- **Exercise materials**:
· · · · · · ·
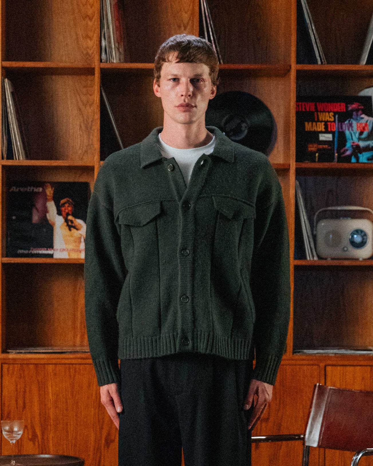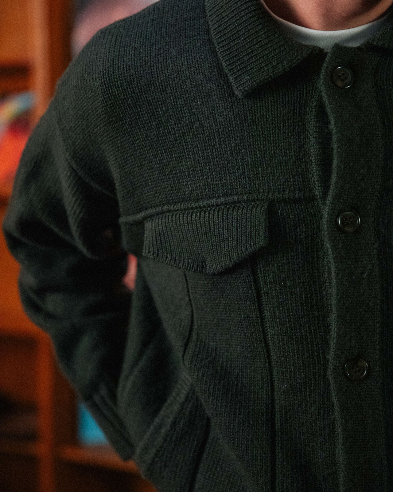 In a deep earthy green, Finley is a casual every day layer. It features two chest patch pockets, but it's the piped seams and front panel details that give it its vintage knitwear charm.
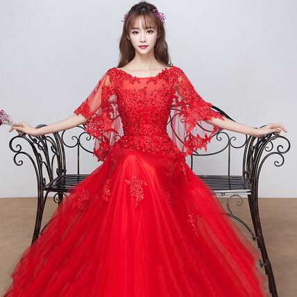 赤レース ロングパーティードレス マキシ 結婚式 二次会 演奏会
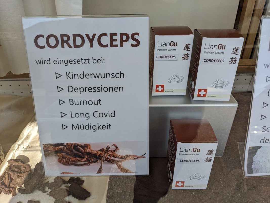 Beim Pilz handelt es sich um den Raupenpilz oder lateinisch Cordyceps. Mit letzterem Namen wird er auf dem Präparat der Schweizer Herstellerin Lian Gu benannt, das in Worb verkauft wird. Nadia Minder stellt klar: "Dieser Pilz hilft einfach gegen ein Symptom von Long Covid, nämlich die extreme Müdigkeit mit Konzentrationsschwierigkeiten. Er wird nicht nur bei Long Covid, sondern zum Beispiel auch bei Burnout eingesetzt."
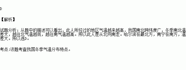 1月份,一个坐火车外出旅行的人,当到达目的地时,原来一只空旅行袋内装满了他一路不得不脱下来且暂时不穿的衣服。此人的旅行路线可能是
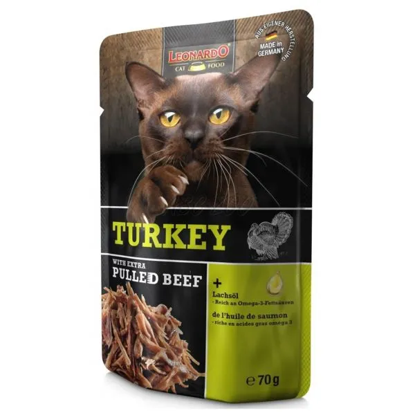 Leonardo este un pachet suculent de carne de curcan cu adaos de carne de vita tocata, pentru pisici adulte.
· · · · · · ·
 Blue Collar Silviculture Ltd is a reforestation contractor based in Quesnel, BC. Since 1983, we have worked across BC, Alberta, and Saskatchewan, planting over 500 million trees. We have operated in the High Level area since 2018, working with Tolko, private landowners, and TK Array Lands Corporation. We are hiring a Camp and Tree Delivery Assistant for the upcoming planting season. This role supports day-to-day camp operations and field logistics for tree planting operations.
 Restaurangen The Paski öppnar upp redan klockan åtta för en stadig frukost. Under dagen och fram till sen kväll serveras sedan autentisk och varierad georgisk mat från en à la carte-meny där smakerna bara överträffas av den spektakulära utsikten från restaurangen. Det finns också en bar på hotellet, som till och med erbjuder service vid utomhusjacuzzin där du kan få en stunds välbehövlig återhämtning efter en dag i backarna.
· · · · · · ·
- **What to produce**:
From the records above, copy only the lines running from the line containing "In a deep earthy" to the line containing "赤レース ロングパーティードレス マキシ 結婚式 二次会 演奏会", both ends included. Leave the pictures out.

- **Written answer**:
 In a deep earthy green, Finley is a casual every day layer. It features two chest patch pockets, but it's the piped seams and front panel details that give it its vintage knitwear charm.
 赤レース ロングパーティードレス マキシ 結婚式 二次会 演奏会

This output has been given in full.